Mr. Temperance is putting up a jolly good fight, until he looks at the monster. That seems to dampen his fighting spirit.

My word, the monster is affecting Mr. Temperance in a psychic assault. Unthinkably, this misplaced massive aquatic appears to be bearing down on the young man with the crushing weight of an alien intelligence. Barrel sized obsidian eyes bore into the little American lad.

“Break away, Mr. Temperance!”

He does not hear me. He is caught in the horror’s thrall.

“Mr. Temperance!” I plead. My heart jumps to see the earnest chap endangered.

Mr. Temperance has quite given up his fight. The monster means to devour the dear boy!

“Mr. Temperance!”

He does not hear me!

“Mr. Temperance! Break away!”

He cannot hear me! I scream as loudly as I can manage.

“Mr. Temperance!”

Please hear me, my sweet Ichabod!

“Ichabod!”

He stirs!

“Ichabod!” I hear a touch more hope in my strained voice.

He rouses himself. He is back! That’s it.

Fight, Ichabod!

My Ichabod appears to awaken from a deep slumber, but quickly rallies his stuporous senses. He now fights as a man possessed. Mr. Temperance cuts first himself free from the horrible squamous appendages, catches me up into his arms and bears me to the docks; I am too weak with relief at our narrow escape to protest.
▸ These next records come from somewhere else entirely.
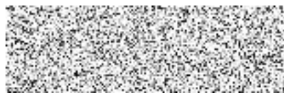
Jiří Beran Zhotovitel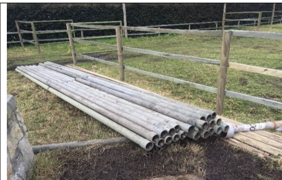
Fotografía 5. Tubería de producción de 3" en acero galvanizado retirada del pozo.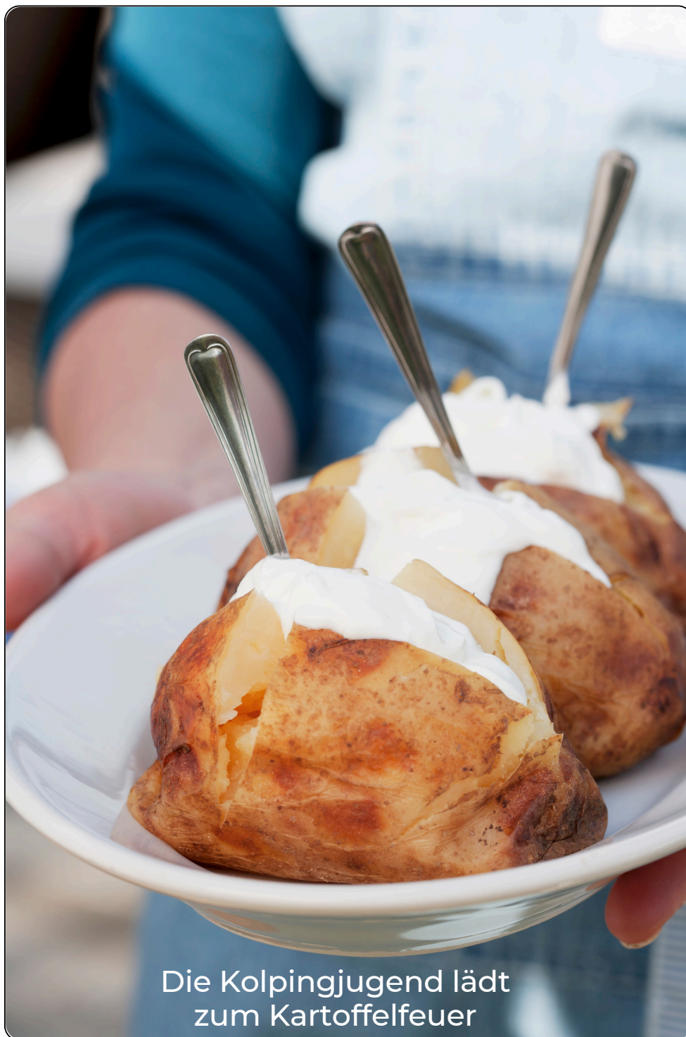
Die Kolpingjugend lädt zum Kartoffelfeier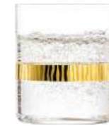
← BECHER TUMBLER 792.569.90 430 ml / 14.5 oz 94 mm / 3.7 in 569/9 elior gold 718/504

Weingläser der Serie Elior finden Sie ab Seite 4. Elior wine glasses from page 4.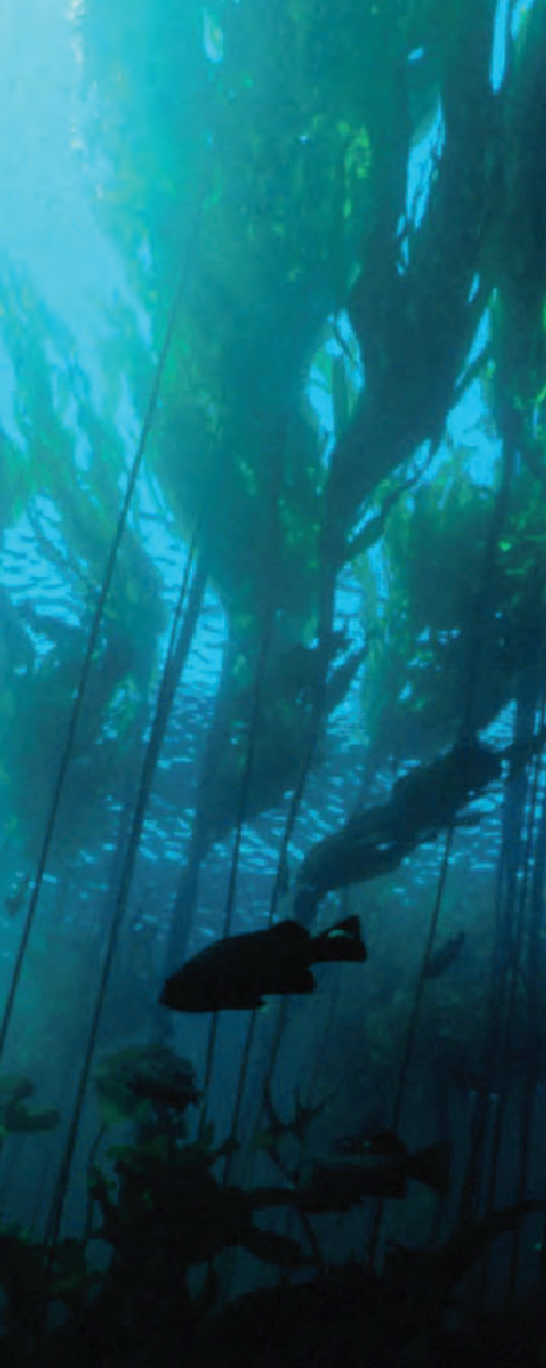
Los bosques de algas marinas y sus comunidades asociadas de organismos se encuentran en las aguas frías más allá de la costa de California.

My companion’s faculties have apparently made a sudden recovery for he is able to quickly ascertain which vessel has her steam up and is ready to embark. We unceremoniously board this Channel Launch.
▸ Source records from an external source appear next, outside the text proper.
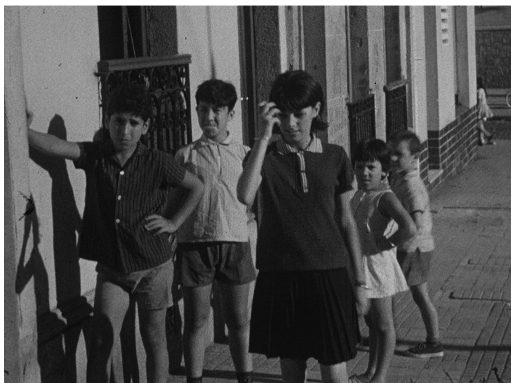
Imagen 4. Niños jugando a la rayuela. Fotograma de película del acervo del Archivo General de la Universidad de la República. Código de referencia: UY UDELAR AGU AIH-I-ICUR-01-2. Título: Juegos y rondas tradicionales del Uruguay. Fecha de creación: 1966.

El trabajo realizado por Lauro Ayestarán es la materialización de este carácter de “obra” que toman los juegos y las canciones infantiles. Su transmisión generacional pone en evidencia que hay un mundo humano que excede a cada uno de los individuos. Es un mundo que se actualiza en cada uno de ellos, con cada práctica, con cada una de las instancias en las cuales se inscribe a un ser hablante en el orden simbólico. Los juegos infantiles forman parte del patrimonio que hacen que cada niño se depare con un mundo ya existente, que lo excede, y con el que juega. No es necesario mostrar el mundo adulto que se esconde detrás de cada juego o canción infantil, a través del cual las niñas aprenden que “hacen así, así las lavanderas” y los niños declararán “tomo esta por esposa. Por esposa y por mujer”. 18 Aun cuando allí se organicen de forma explícita los parámetros culturales que rigen ciertas sociedades, hay, en cualquier juego y canción, más allá de sus formas, letras o melodías, la producción de una estabilidad con la que se encuentra cada generación que ingresa al mundo.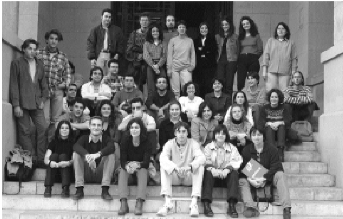
Els cinquanta estudiants de la Universitat que feren de guies als alumnes de COU, en les escales de l'antiga Facultat de Ciències

Al llarg dels mesos de febrer i març presentacions com ara aquesta han encapçalat els recorreguts dels guies col·laboradors de la Universitat de València. Són una cinquantena d'estudiants universitaris que s'han oferit com a voluntaris del programa Conèixer la Universitat . Aquesta iniciativa pretén que els estudiants del Curs d'Orientació Universitària (COU) tinguen un primer contacte físic i espacial amb la Universitat. Els guies s'han encarregat de conduir-los per les instal·lacions i explicar-los els serveis que ofereixen. És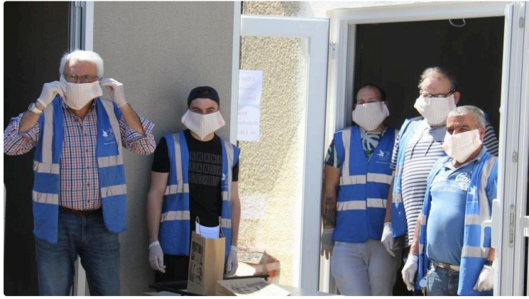
« On est en train de vider les greniers »

Jeudi, une équipe de bénévoles du Secours Populaire gersois est venu distribuer les paniers alimentaires aux personnes les plus démunies. Une initiative que le soleil printanier de ces dernières semaines facilite, puisque les lieux recevant le public ont dû être fermés.

“Here ya’ go, boys.” Mr. Temperance calls, tossing me into the arms of a group of seamen on the deck of the boat.

The captain of the vessel is not amused at our uninvited boarding of his ship.

Before he can have his crew throw us back off, he is distracted by a commotion on the docks. The docks themselves are being wrecked. Invisible forces smash crates, boats and the piers themselves into splinters.

Mr. Temperance passes the captain his goggles and then draws his large American pistol. With three quick but deafening retorts, he unerringly shoots the mooring cleats off our boat. I credit this decisive action for our escape.

The captain’s face goes slack with the vision he is presented with through the goggles and then he roars at his crew to push us from the cursed dock.

I thank providence that Mr. Temperance had the presence of mind to disengage our boat by means of firearm. Otherwise, we would have been too late, overrun by the pursuing mobbe of monsters.

Ipswich is aswarm with our aberrant adversaries.

The rising wind in my face makes me feel as if I am a leaf in a hurricane, no longer in control of my own life and destiny. I am blown about by terrifying forces beyond comprehension. A howling gale continues to rise about my ears. This foul wind whisks me from my English island home.

These storms that have steadily picked up all night now blow us off the isle, just a breath ahead of our adversaries, as if the great gaping maw of an enormous beast has just missed snatching us into its abominable gullet.